:: Problem details ::
From the line containing "- 고기: 껍질의 바삭함은" down to the line containing "Das Mosaik ist" in the records below, reproduce every line exactly, ends included, and omit all others.

--- Records to use Enclosed Below ---

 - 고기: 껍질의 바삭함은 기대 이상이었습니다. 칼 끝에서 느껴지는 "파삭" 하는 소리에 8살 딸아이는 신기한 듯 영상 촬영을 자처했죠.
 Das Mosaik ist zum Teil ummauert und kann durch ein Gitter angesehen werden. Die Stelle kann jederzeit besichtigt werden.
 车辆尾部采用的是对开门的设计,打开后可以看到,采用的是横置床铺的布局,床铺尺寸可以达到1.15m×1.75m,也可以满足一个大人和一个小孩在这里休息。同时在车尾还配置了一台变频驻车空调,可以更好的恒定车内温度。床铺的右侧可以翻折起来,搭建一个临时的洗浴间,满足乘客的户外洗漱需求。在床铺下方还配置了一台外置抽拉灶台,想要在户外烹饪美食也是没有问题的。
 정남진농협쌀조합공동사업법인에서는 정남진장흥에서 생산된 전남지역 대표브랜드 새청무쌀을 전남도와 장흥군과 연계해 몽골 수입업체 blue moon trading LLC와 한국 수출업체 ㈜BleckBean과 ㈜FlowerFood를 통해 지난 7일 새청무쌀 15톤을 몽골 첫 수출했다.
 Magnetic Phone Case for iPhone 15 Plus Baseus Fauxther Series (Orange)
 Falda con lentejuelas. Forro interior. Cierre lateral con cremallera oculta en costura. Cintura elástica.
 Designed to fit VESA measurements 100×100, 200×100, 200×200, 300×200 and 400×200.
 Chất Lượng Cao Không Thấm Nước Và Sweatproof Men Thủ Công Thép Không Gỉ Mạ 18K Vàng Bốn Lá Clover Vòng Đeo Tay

--- End of Enclosed Records to use ---
--- Records to use Enclosed Below ---

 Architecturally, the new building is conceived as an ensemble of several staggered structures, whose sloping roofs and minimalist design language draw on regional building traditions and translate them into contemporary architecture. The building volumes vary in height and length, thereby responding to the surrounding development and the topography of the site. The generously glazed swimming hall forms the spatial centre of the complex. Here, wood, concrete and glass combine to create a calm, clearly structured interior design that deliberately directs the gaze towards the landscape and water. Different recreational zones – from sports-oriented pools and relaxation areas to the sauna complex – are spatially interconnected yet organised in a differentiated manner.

--- End of Enclosed Records to use ---
--- Records to use Enclosed Below ---

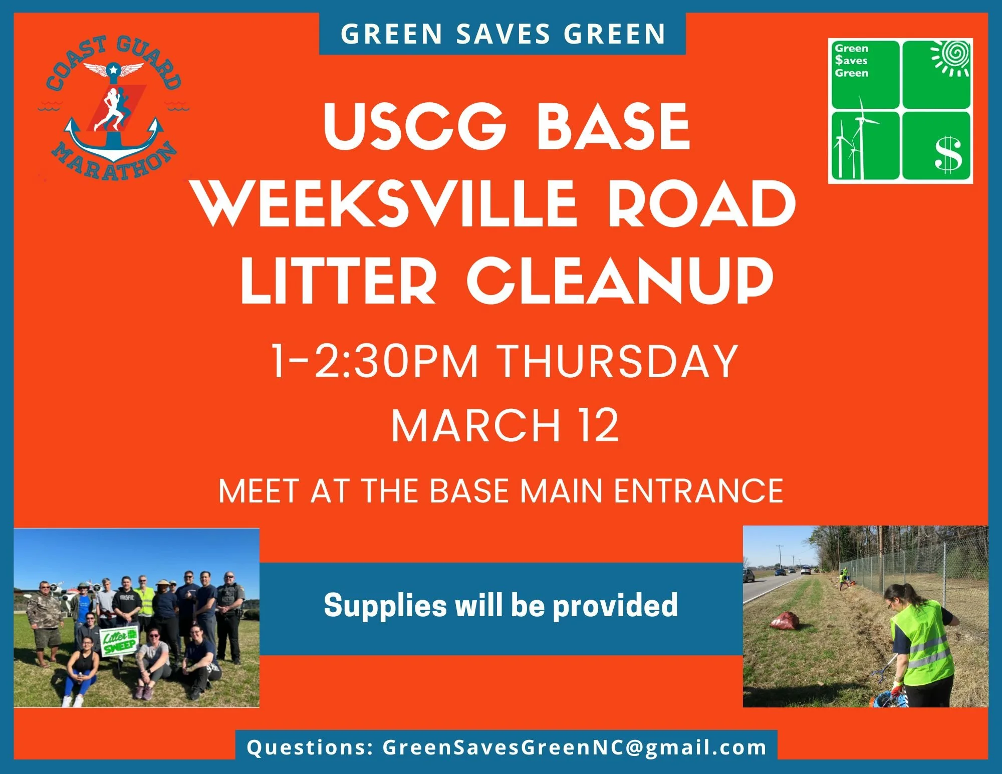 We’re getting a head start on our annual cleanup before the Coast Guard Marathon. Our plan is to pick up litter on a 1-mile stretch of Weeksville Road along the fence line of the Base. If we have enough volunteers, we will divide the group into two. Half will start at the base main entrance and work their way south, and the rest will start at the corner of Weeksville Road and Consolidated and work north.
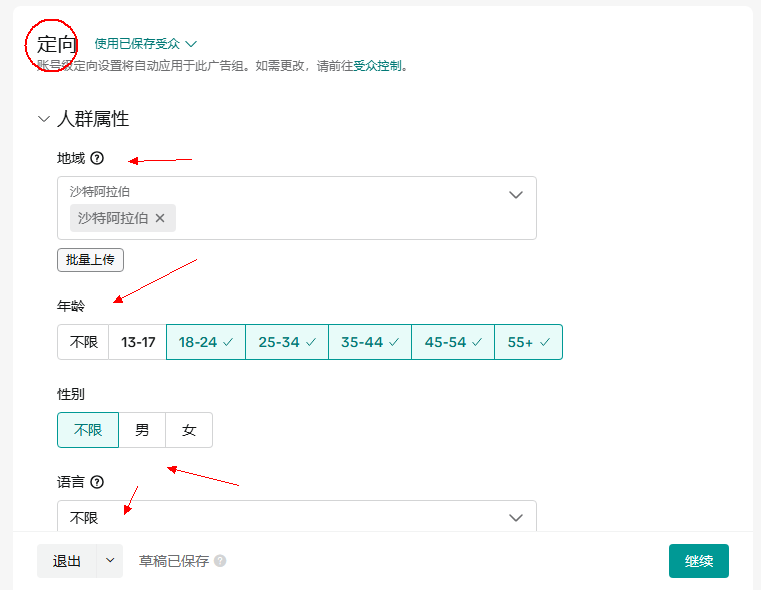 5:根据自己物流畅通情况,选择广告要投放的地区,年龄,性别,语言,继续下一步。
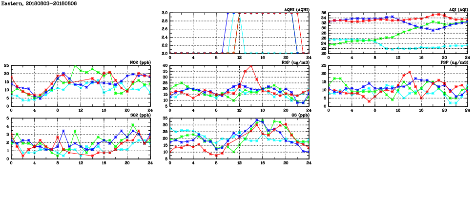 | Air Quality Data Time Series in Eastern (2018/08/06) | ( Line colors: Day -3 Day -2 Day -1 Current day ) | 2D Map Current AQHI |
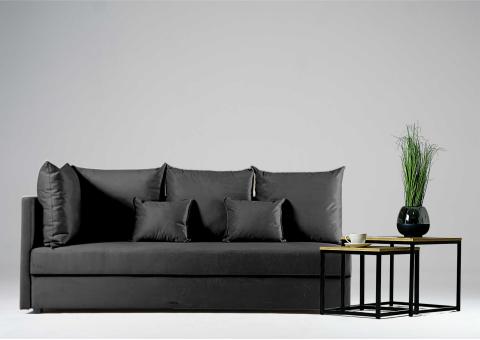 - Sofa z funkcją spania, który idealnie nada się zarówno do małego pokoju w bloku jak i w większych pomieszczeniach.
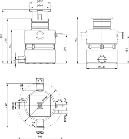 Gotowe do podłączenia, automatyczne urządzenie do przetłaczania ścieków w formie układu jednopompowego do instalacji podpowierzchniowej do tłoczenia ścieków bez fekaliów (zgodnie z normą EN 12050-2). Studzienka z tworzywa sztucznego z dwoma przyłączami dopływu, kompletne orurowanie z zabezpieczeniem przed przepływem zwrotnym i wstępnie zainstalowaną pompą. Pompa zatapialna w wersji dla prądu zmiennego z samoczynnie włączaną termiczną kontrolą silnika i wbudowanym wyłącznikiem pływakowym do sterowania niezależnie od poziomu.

--- End of Enclosed Records to use ---

:: Output of the task ::
 - 고기: 껍질의 바삭함은 기대 이상이었습니다. 칼 끝에서 느껴지는 "파삭" 하는 소리에 8살 딸아이는 신기한 듯 영상 촬영을 자처했죠.
 Das Mosaik ist zum Teil ummauert und kann durch ein Gitter angesehen werden. Die Stelle kann jederzeit besichtigt werden.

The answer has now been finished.